Recordó la forma en que Adrián la había mirado durante la reunión de la junta, destrozado, casi suplicante.
Y luego, cómo había comprado ropa y flores solo para que ella las regalara sin pensárselo dos veces.
Una parte de ella se sintió reivindicada.
Otra parte, sin embargo, una parte inoportuna, se sintió inquieta.
Su silencio se prolongó tanto que Ryan se inclinó más, estudiando su rostro.
—¿Hice lo correcto al mantenerlo alejado de ti?
—preguntó en voz baja.
Ella lo miró, encontrándose con su mirada firme.
Por un momento, no solo vio a su asistente, no solo al hombre que la ayudaba a mantener su vida a flote, sino a alguien ferozmente protector, alguien que ocupaba el vacío donde su marido había fallado.
—Lo hiciste —dijo finalmente, con voz firme pero baja—.
Porque si hubiera entrado aquí, Ryan… no sé qué podría haber hecho.
Ryan asintió brevemente, y sus hombros se relajaron ligeramente.
—Bien.
Entonces seguiré haciéndolo.
Mientras siga apareciendo, tendrá que pasar por encima de mí.
Amelia volvió a reclinarse en su silla, exhalando bruscamente.
—Que lo intente.
Si Adrián cree que puede engatusarme para que vuelva, está a punto de descubrir que Amelia Cole no es la misma mujer que dejó atrás.

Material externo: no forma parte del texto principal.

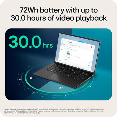 Powered by a 72Wh high-capacity battery offering up to 30 hours of video playback and equipped with our AI Smart Assistant, gram analyzes user patterns to optimize battery efficiency. Boost your productivity and enjoy uninterrupted play.
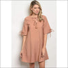 Short sleeve lace-up detail tunic dress. A plain design dress that looks fabulous in every age. Its nude design is eye soothing that also feels comfy in every wear. It worth having a dress it is! Hurry and have yours. Don't miss out!
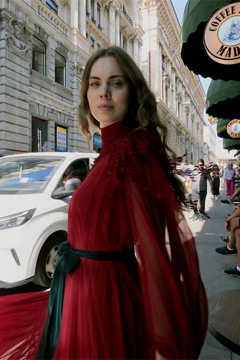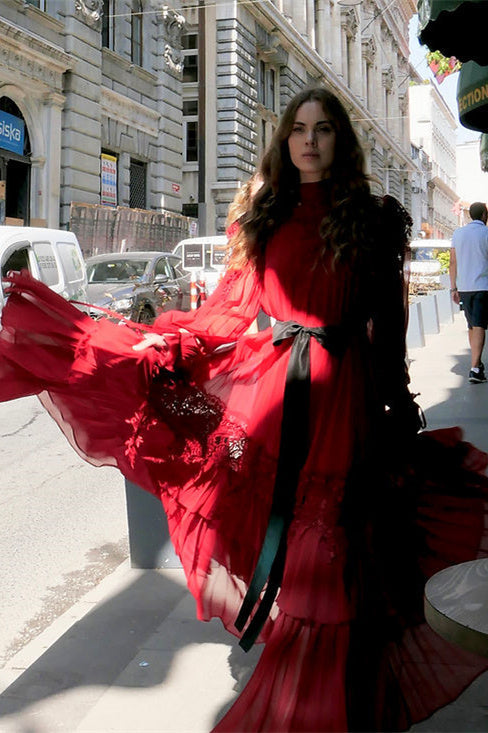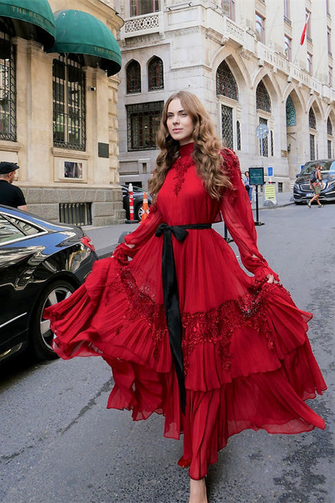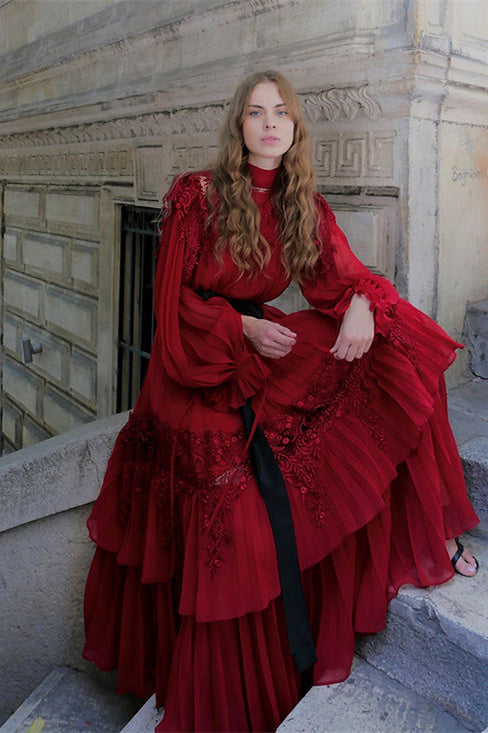 Sylvia Dantelli Katlı Şifon Maxi Elbise

Pero incluso mientras lo decía, su mente reproducía el leve tartamudeo en la voz de él, la mirada en sus ojos, el inconfundible arrepentimiento.
Lo desechó rápidamente, apartando el pensamiento.
—No —se susurró a sí misma, más a su corazón que a Ryan—.
Tomó su decisión.
Y ahora, yo también he tomado la mía.